Tuesday, March 14, 2006

invasion of europe

Episode #2

Simple Twists of Fate

Tornadoes tore through Lawrence, Kansas and leveled a good portion of the University. If any of my Jayhawks were hurt, I shall kill 700 for each player bruised... or something like that.

Well, those same storms became a massive snow storm in Minneapolis and that screwed up every airline's scheduled flight times. Normally, this would peeve me. NO one, especially me, wants to be stuck in Salt Lake City any longer than they have to be. Thankfully, the good people at Delta found it in their hearts to redirect me.

Original flight plan. SLC to Cincinnati then on to Frankfurt. Due to bad weather and delays, I know have this plan; SLC to Cincinnati then on to.... (drumroll).... (still drumrolling).... (drummer's getting tired or lazy and missing a step or two).... AMSTERDAM!!!!!
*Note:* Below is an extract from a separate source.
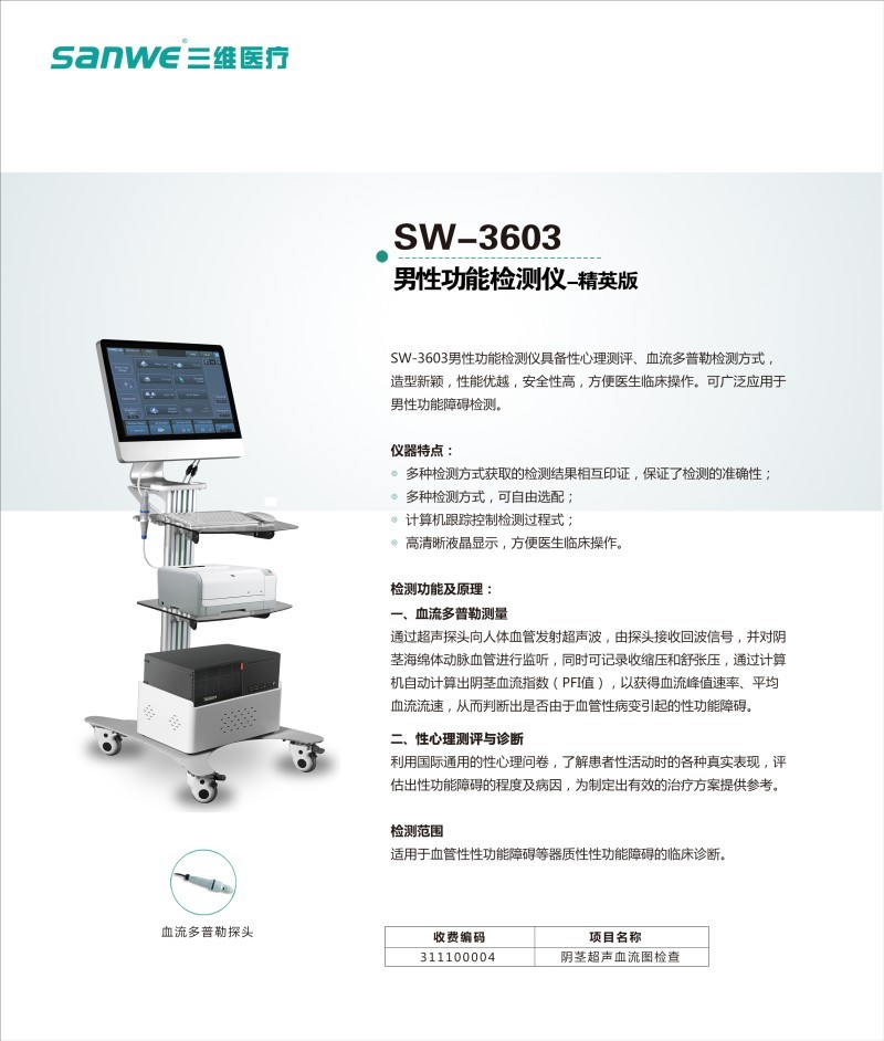 適用于男性性功能方面的,人體血管血液流速的檢查。

Yes! That's right, I have just won the weather sweepstakes and will be spending my first night in beautiful Amsterdam. Home of a dead Jew name Anne, Stoners, Van Gogh, Rembrandt and Amstel light.
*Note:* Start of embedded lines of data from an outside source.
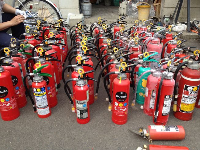 回収した古い消火器を見ると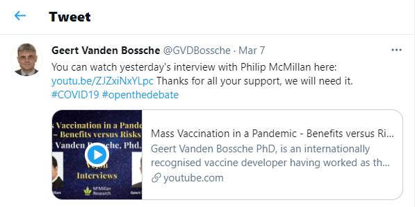 *видео интервју „Масовна вакцинација у пандемији – Користи против Ризика“ („Mass Vaccination in a Pandemic – Benefits versus Risks“) који је имао Dr Philip McMilan са првим у свету научником у области вакцинације Geert Vanden Bossche PhD, DVM, са коментарима Dr. Del Bigtree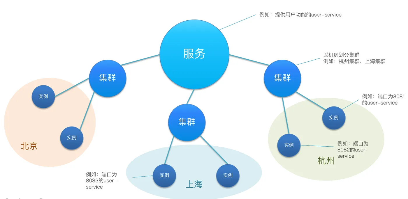 不同于Zookeeper没有针对服务发现设计数据模型,它的数据是以一种更抽象的树形K-V组织的,因此理论上可以存储任何语义的数据。而Eureka或Consule都做到了实例级别的数据扩展,这能满足大多数场景但无法满足大规模和多环境的服务数据存储。Nacos经过多年经验后提炼出上述模型,其特点在于:服务-集群-实例三层模型,可以满足所有场景下的数据存数和管理。

Flight to Cincinnati - Awful. I had to sit next to a man who owns five Red Robins, smelled of Micheal Jordan cologne and couldn't stop telling me about his new home in Florence, Italy and how he was going to climb mountain Everest next week. He did point out that Rob Hall's body was finally pushed off the mountain after gracing the Hillary step for more than four years. Apparently, climbers were tired of looking at his freeze dried remains. (for those of you that don't know Rob Hall - he was the famous Aussie climber that called his wife on the phone from the mountain and then froze to death with 13 others. There was a movie and a book).
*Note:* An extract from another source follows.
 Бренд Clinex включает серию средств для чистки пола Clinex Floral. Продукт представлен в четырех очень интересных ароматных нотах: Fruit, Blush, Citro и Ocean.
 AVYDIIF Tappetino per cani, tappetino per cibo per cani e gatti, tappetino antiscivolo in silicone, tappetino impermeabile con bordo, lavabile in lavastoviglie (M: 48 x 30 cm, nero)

Anyway, I was sitting in the last row of the plane, so there was no way to recline or adjust and I had to stay awake for three hours listening to rich boy talk about his lovely life. Thankfully, a weird Cincinnati native was sitting in the row in front of us and he saved me by starting to list off all the attractions, movie theaters, local events and economic and social indicators for the greater Cincinnati area. His weird factoids were a sharp contrast in conversation to the golden boy sitting next to me and I could tell he annoyed the golden boy, so I kept encouraging him to tell us more. Three hours of Cincinnati history. (Did you know that the band, The Who KILLED people there?)

A brief layover in Cincinnati. I have already lost four hours of the day (this post is going to be very, very long).

The flight to AMSTERDAM.. EMPTY! It's me. A flight crew, Jon Kitna, and fifty others. It's a 767, so each of us gets our own center aisle to stretch out in. Dinner service takes five minutes. I have six pillows and countless blankets. The movie is Harry Potter, whom I have come to see as the biggest idiot child of them all. I guess I am magic ignorant, or perhaps it's the American in me, but when does being a magic user and not using magic, make sense??? Fucking English.

I arrive in pain. It's the next day. 9 AM. I get off the plane in Europe and it looks exactly like Japan - It's filled with Asians. They are everywhere. I am beginning to think I went the wrong way. It takes a few seconds before I see ugly white people before I come to my senses.

My first impression of Europe; I am not as turned on as I thought I would be. There are not as many sexy people here as the tour guide said there would be...

My emotional salvation is found in the fact that it takes me no time to get through customs. In fact, the guy with the stamp doesn't ask me a thing, he just takes my passport, stamps it and hands it back, that's it. No one checks my bags, nothing. I just walked straight into Europe without one check. I guess it's the long hair, or they just don't care.

I walk out of the baggage area and suddenly I am surrounded by photographers and bright lights. Which automatically makes me think that I have done something wrong. It turns out that Junior Milosevic is behind me and he's here for his dad.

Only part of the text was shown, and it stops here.